Will Smith made a public apology a few days ago and said, “Violence in all of its forms is poisonous and destructive. My behavior was unacceptable and inexcusable.” And at the end of his apology, he recognized that he is a work in progress.
We are all works in progress. You know, violence is more than acts of physical aggression. Violence includes the things we do and say that causes harm to ourselves and others. When we say something to someone that hurts their self-esteem, when we pass around gossip and rumours about another person that hurts them and destroys their ability to trust, when we tell ourselves we are not good enough or are undeserving of love. All these are acts of violence.
“The real violence, the violence I realized was unforgivable, is the violence that we do to ourselves, when we’re too afraid to be who we really are.” – Nomi, Sense8
So we commit violence to ourselves and others more often than we realize.
In order to prune us for love, Jesus has to trim and cut away the parts of us that exact violence on ourselves and others. Through our words, our thoughts, our unhelpful beliefs, our actions and our inaction. If we don’t speak up in moments when we witness violence, we are perpetuating violence through our inaction.
Question 4 (Open)
What are the parts of you that exact violence on yourself and others?
Pruning of the Japanese Maple Tree
In Japan, there is a special Japanese gardening technique called “open center pruning” and this kind of pruning is responsible not only for the sculptural appeal of the maple tree, but also for the uncluttered space and serenity in the garden as a whole.
When a Japanese gardener “prunes open,” she cuts away not only dead branches and foliage, but also often a number of perfectly healthy branches that detract from the beauty inherent in the tree’s essential structure.

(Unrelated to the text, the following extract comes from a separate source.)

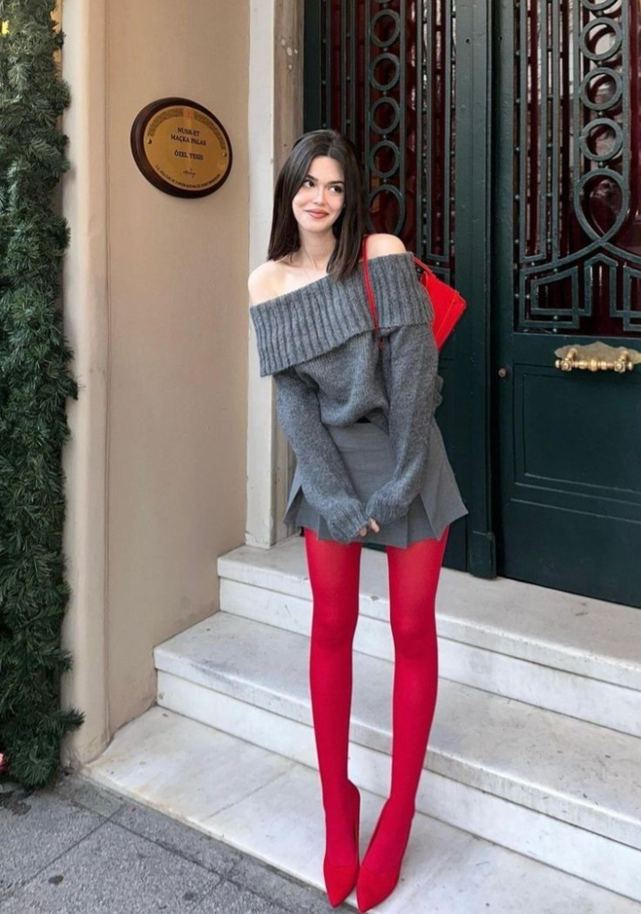Red tights and matching heels bring a strong Valentine touch. A small red bag completes the look. This style feels modern, cozy, and confident.

Pruning open allows the visitor to see up, out, and beyond the trees to the sky, creating a sense of spaciousness and letting light into the garden. It also enables a tree to flourish by removing complicating elements, simplifying structure, and revealing its essence. The process of pruning open turns the tree inside out, so to speak, revealing the beautiful design inherent within it.
In the same way, God the gardener is pruning us open – cutting away all that hinders us from loving well. God desires for us to live like the Japanese maple tree, our true essence revealed and flourishing, our true self front and center, secure and thriving. God yearns for us to live wholeheartedly and truthfully as the unique, beautiful, beloved individuals God created us to be. Most of all, God’s deepest desire is for us to know God, to root our whole selves in God like a tree rooted by a stream, and to know God’s deep, abiding love for us.

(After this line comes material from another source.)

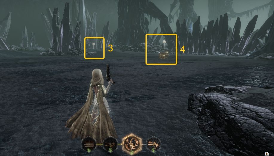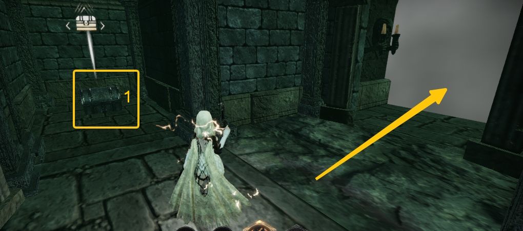 接下来回到第1个宝箱处,镜头左转去激活这两个柱子,再往左边的柱子下走,柱子后面有第4个宝箱。

God invites us into intimate relationship . . . so that we may then live more compassionately and intimately with those around us. We are the windows, as Henri Nouwen said, through which others may glimpse God. And they are windows through which we might glimpse God.

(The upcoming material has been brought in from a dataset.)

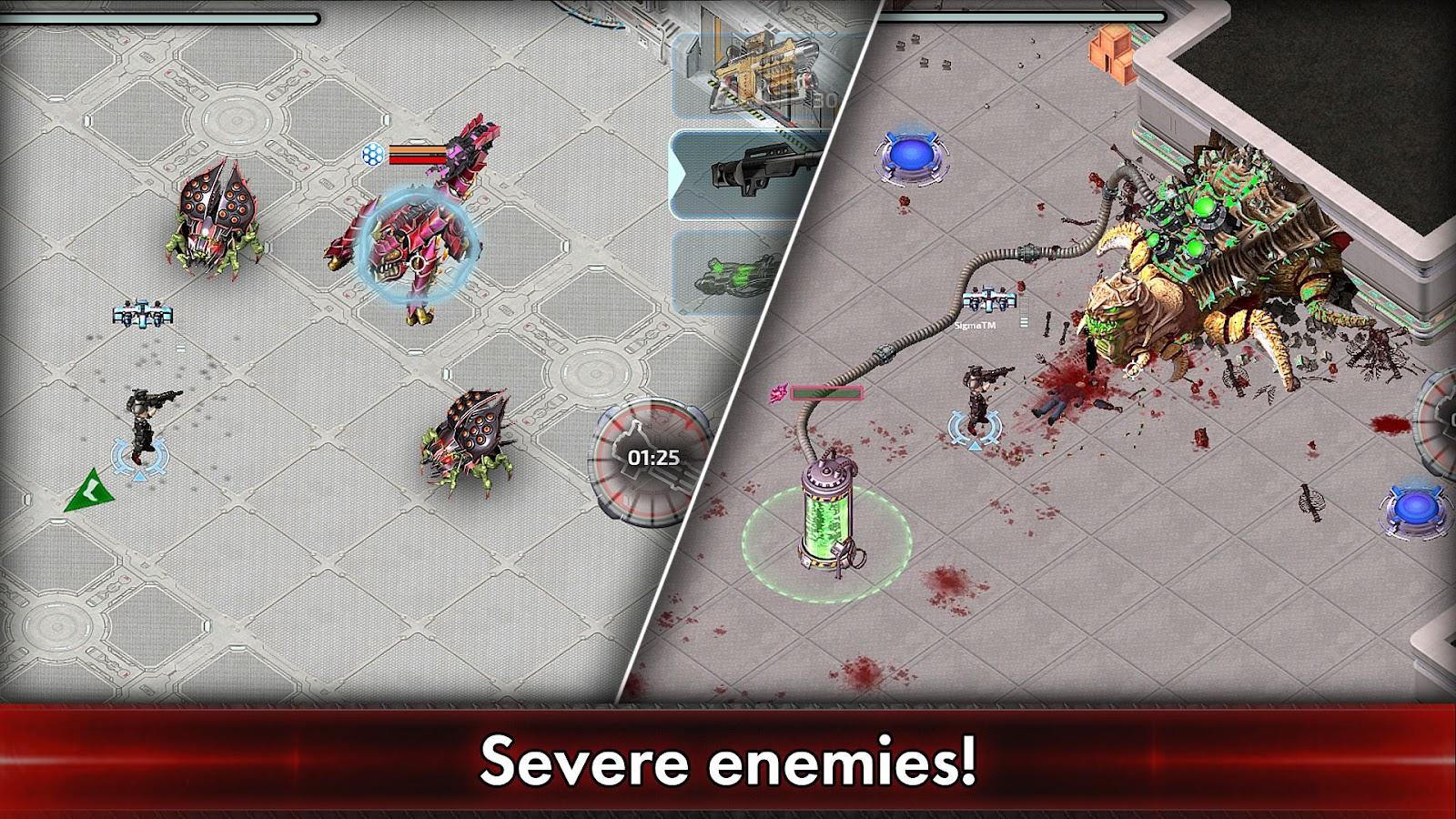 Alien Shooter – знаменитий екшен шутер від компанії Sigma дістався до Android-платформи. Вам належить бій на закинутому військовому комплексі проти натовпів інопланетян. Ваше завдання – зачистити базу. Виберете собі відповідне зброю і виступайте! Вас чекають 10 захоплюючих рівня з самими різноманітними монстрами. На цих рівнях збирайте гроші і купуйте нову зброю, а так само патрони.

Jesus says, “Love as I have loved you.”
Can we really be able to do that? Honestly, doesn’t it sound like Jesus is asking for the impossible? How will we love as Jesus loved? Do we have it in us to go the extra mile for others or even risk our lives if needs be?
For most of us, including me, we would prefer to be safe. Keep our circles small and choose the people we love based on our own preferences, and not on Jesus’ all-inclusive commandment.
And yet this was Jesus’s dying wish. Which means that we have a God who first and foremost wants every child to feel loved. Not shamed. Not punished. Not judged. Not isolated. But loved.
But that’s not all. Jesus follows his commandment with an amazing and challenging promise: “By this everyone will know.” Meaning, love is the litmus test of Christian witness. Our love for each other is how the world will know who we are and whose we are. Our love for each other is how the world will see, taste, touch, hear, and find Jesus.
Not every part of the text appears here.